I've got a problem with this whole "god's will" thing being thrown about around here.  Am I to understand that god wanted this child to die simply because she ended up dead from her parent's inaction?  By that argument you can argue anything, rape, murder, child molestation, all to be god's will.  If that's his will I'm glad I don't bend a knee to those beliefs.
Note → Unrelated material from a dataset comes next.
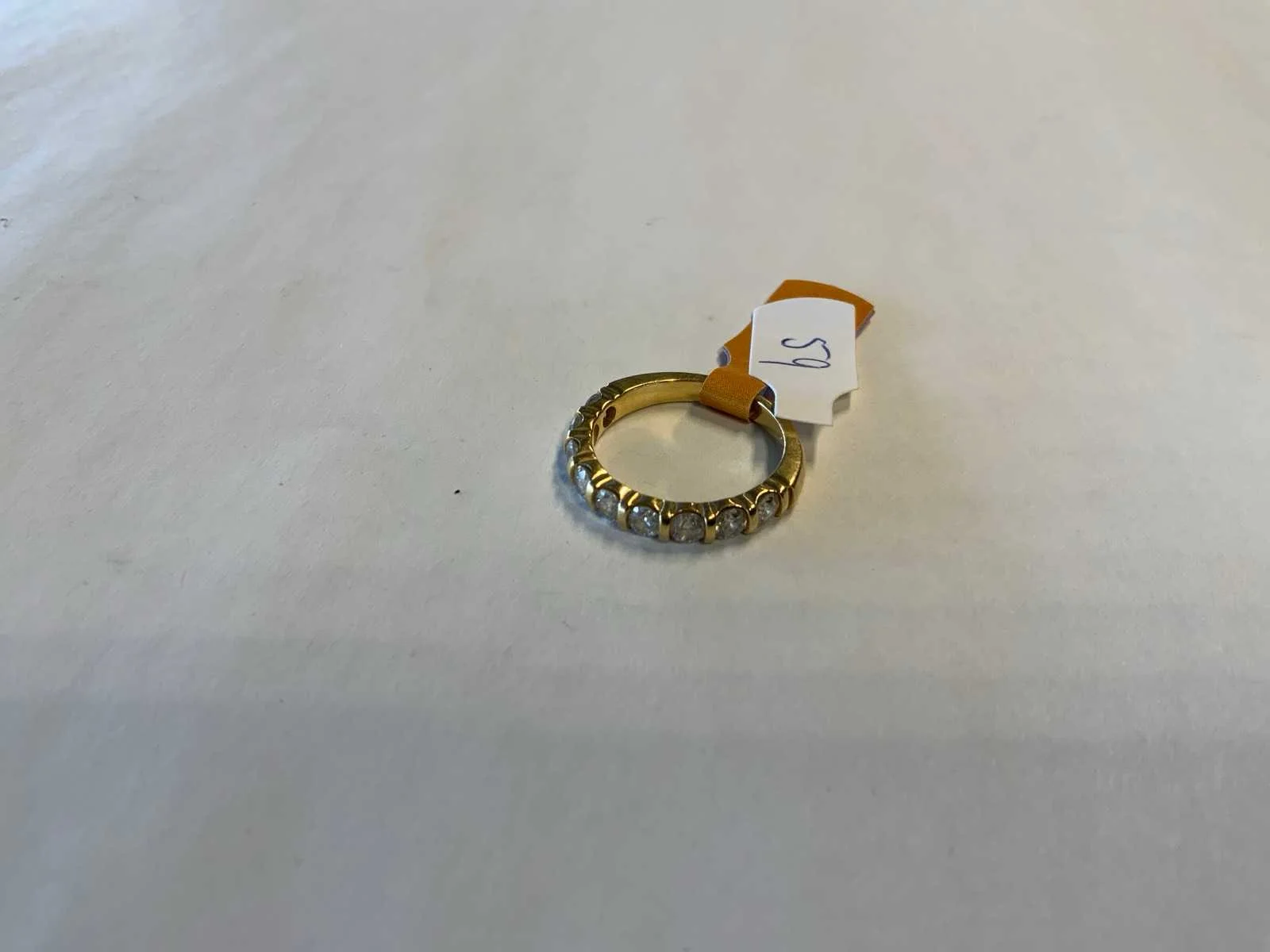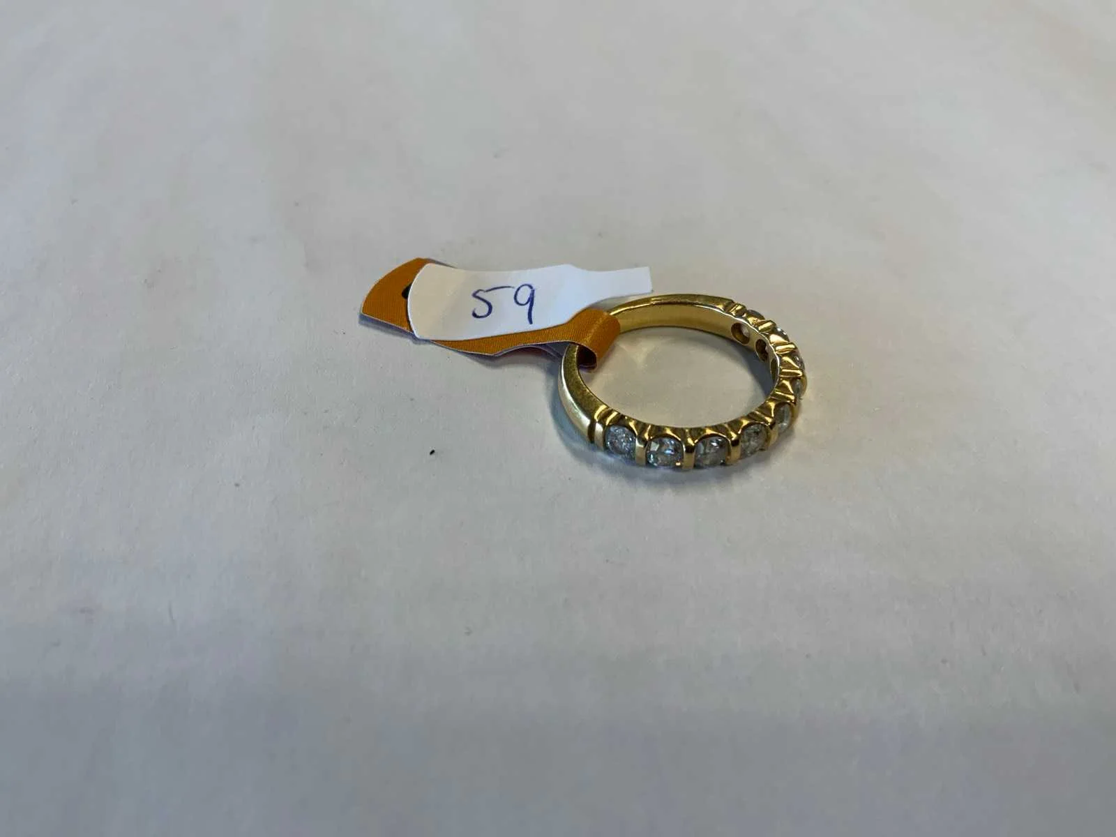 Een 18 karaats (750/000) geelgouden rijring, bezet met zeven briljant geslepen diamanten, totaal 0,60ct, kleur ca. H-I, zuiverheid ca. SI-Pique. Bruto gewicht: 3,4 gram.
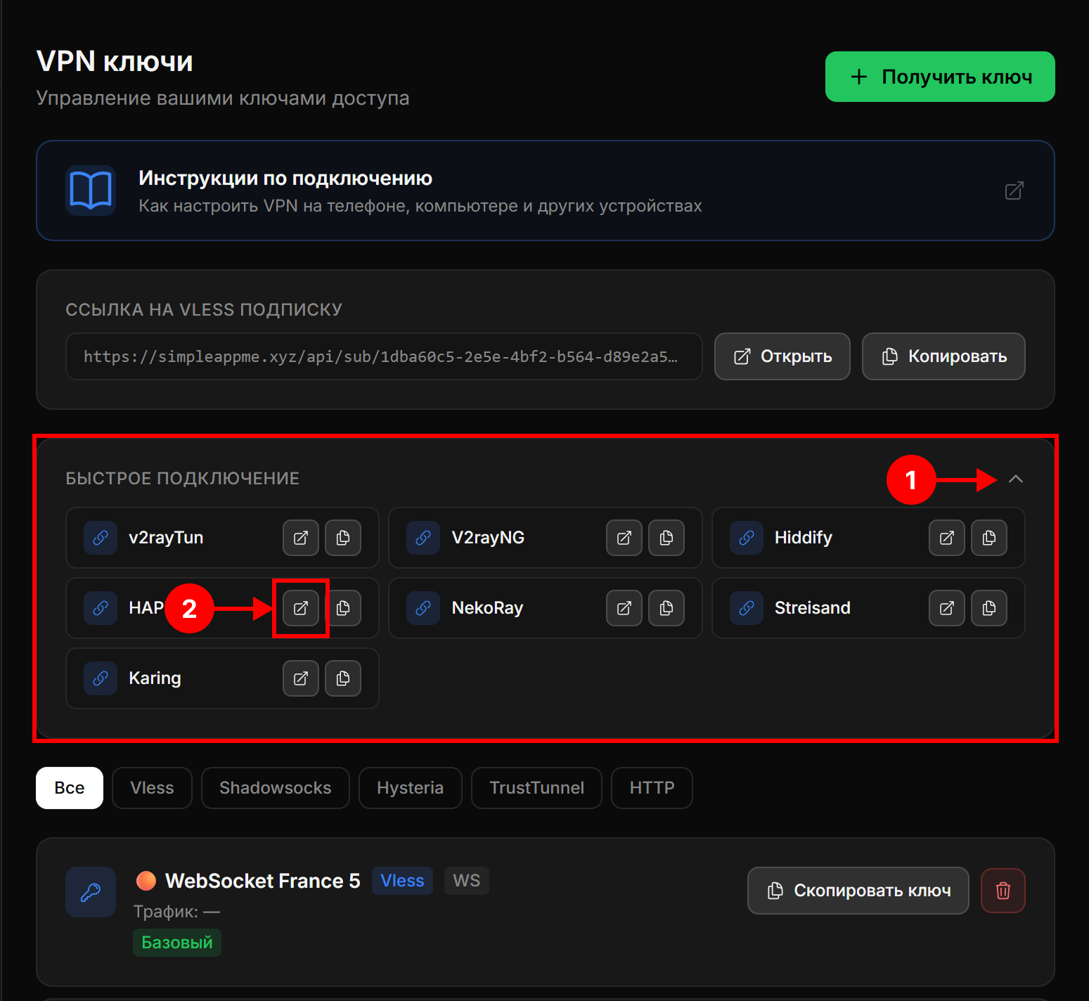 В разделе «Мои ключи» раскрыть блок «Быстрое подключение». В нём перечислены поддерживаемые VPN-приложения. Нажать кнопку «Открыть» напротив нужного приложения — подписка автоматически добавится в приложение.

How do you know god's will anyways, does he call you up?  Does it come to you through some divine revelation?  Is anything that happens construed as god's will?


----------



## thardey (Aug 11, 2009)

5-0 Kenpo said:


> You have a very cogent position, although I do disagree with some of your positions, as stated.
> 
> It is not that I have a problem with judgements, per se. What I was trying to point out, apparently unsuccessfully, is that a lot of people here form a philosophy, but then only apply it to positions that suit their purpose, rather then appy it across the board. *[snipped]* And that is the type of judgement that I condem here. To me, I see no difference.


 
Can't disagree with most of that! I see what you are saying, and point well taken.
:asian:


----------



## Ken Morgan (Aug 11, 2009)

thardey said:


> I call it as I see it. If you prefer, I could preface every single thought with "IMHO," but at the core, that's all anyone is doing.
> 
> There are some things that other Christians believe that don't bother me if we disagree. There are some things that other Christians believe that I look at and say "it doesn't work" perhaps because I've tried it, perhaps because I've seen the results of the theology. In this case, I've tried it -- not to the point of another's death, thank God, but people tried to teach me that I don't have to take personal responsibility for my actions because everything is "up to God" and pre-ordained.
> 
> ...


 
Actually reread my posts on this subject if you will, I've never defended them or their actions. 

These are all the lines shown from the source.